Transcriptional Determinants of Hemato-Vascular Cell Fate and Plasticity

Recent advances in the reprogramming field have established that somatic cells are more plastic than perceived and can be transcriptionally manipulated to acquire an alternative cell fate. However, the precise regulatory role played by transcription factors (TFs) in regulating distinct cellular programs is not well defined. In our studies, we have determined the discrete roles performed by the hemato-vascular TFs ERG and Fli1 in regulation of physiological vascular homeostasis and in activation of hematopoietic stem cells (HSCs). Combined ERG and Fli1 deletion in endothelium results in acute vasculopathy, due to loss of endothelial cell fate and vascular integrity, hyperinflammation, spontaneous thrombosis and systemic organ failure. ERG and FLI1 deficiency cause transcriptional silencing of pan and organotypic vascular core programs, involved in systemic regulation of inflammation, coagulation, barrier maintenance, and stem cell niche function. Enforced ERG and FLI1 expression in human mesenchymal cells activates vascular programs and functionality. Next, single cell multiome analysis divulged the absence of Fli1 motif from quiescent HSCs. We reveal that Fli1 directs HSC activation programs while manipulating cellular sensory and output machineries, enabling HSPC adoptability with their vascular niches.

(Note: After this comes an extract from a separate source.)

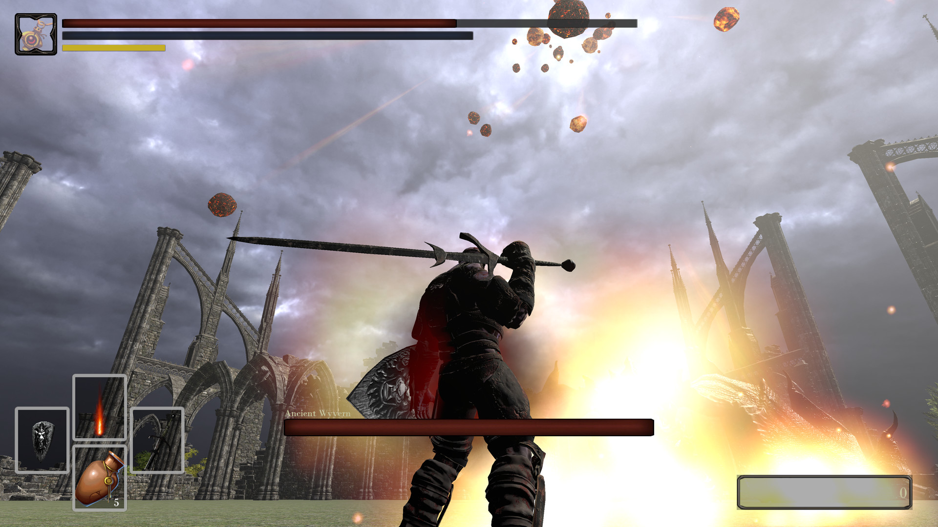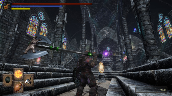 The game features simplified 3D Action RPG elements, such as a leveling and resource management system, with the highlights of a souls-like melee and magic ability combat system as well as full gamepad/controller support with a custom 3D cursor.
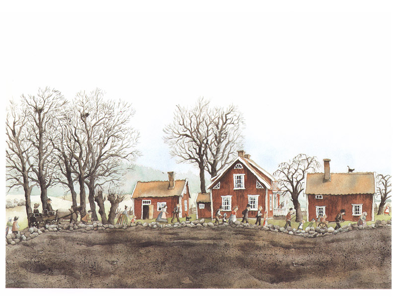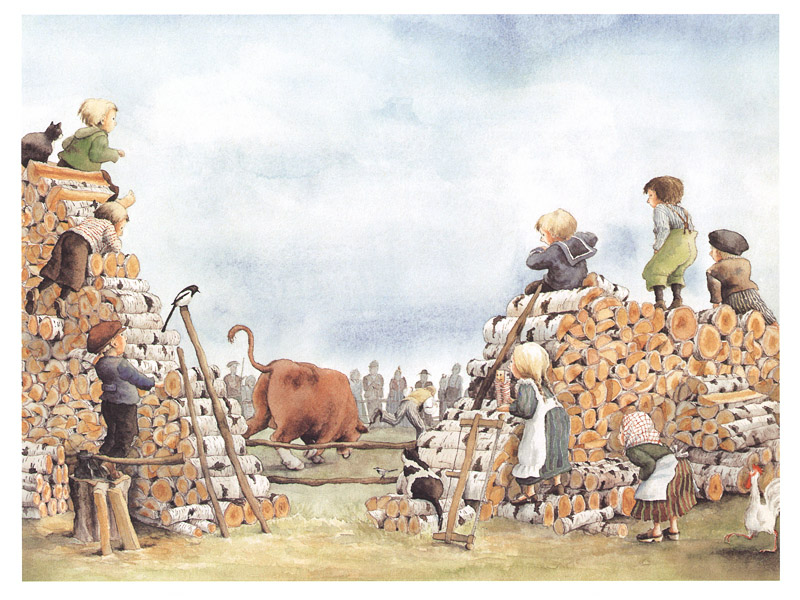 Но что же бык Адам Энгельбрект? Никто, даже сам хозяин, не может с ним справиться, и его собираются пристрелить, чтобы не нарушать покой пасхального воскресенья. И вдруг ‒ именно вдруг (стоп-кадр!) ‒ совершенно ниоткуда возникает спаситель, которого трудно даже представить в роли супермена: «Калле, маленький сопливый крестьянский мальчишка, которому едва исполнилось семь лет, сидел на ограде загона». Он описан и нарисован так, что и у самого маленького читателя не возникает мысли о том, что он что то сможет сделать. Ничем не примечательный малыш, который вместе со всеми прибежал поглазеть на невиданное зрелище. А между тем именно он делает то, что не удалось крепким смоландским фермерам – уводит разъяренного быка домой. Просто погладив своей грязной ладошкой между его рогов и пошептав ласковые слова. Это место в тексте кажется мне едва ли не самым важным посланием автора читателям: не смотри на то, что ты мал, решайся, не теряйся и все получится. Особенно, если приложить немного фантазии и смекалки. Для малышей с неустойчивой самооценкой эта книжка может оказаться не только интересной историей на ночь, но и своего рода вдохновляющей терапией, поможет поверить в свои силы при решении ежедневных житейских и творческих задачек. На это стоит специально обратить их внимание и поговорить об этом, как сделали мы.

During regenerative conditions, Fli1 presets and enables propagation of niche derived Notch1 signaling. Constitutively induced Notch1 signaling is sufficient to recuperate functional HSC impairments in the absence of Fli1. Applying FLI1 modified RNA transduction into human lethargic mobilized HSCs, we enabled their vigorous niche mediated expansion and improved engraftment. Thus, basic scientific decryption of cellular programs and their transcriptional regulators offers valuable insights for translational regenerative medicine.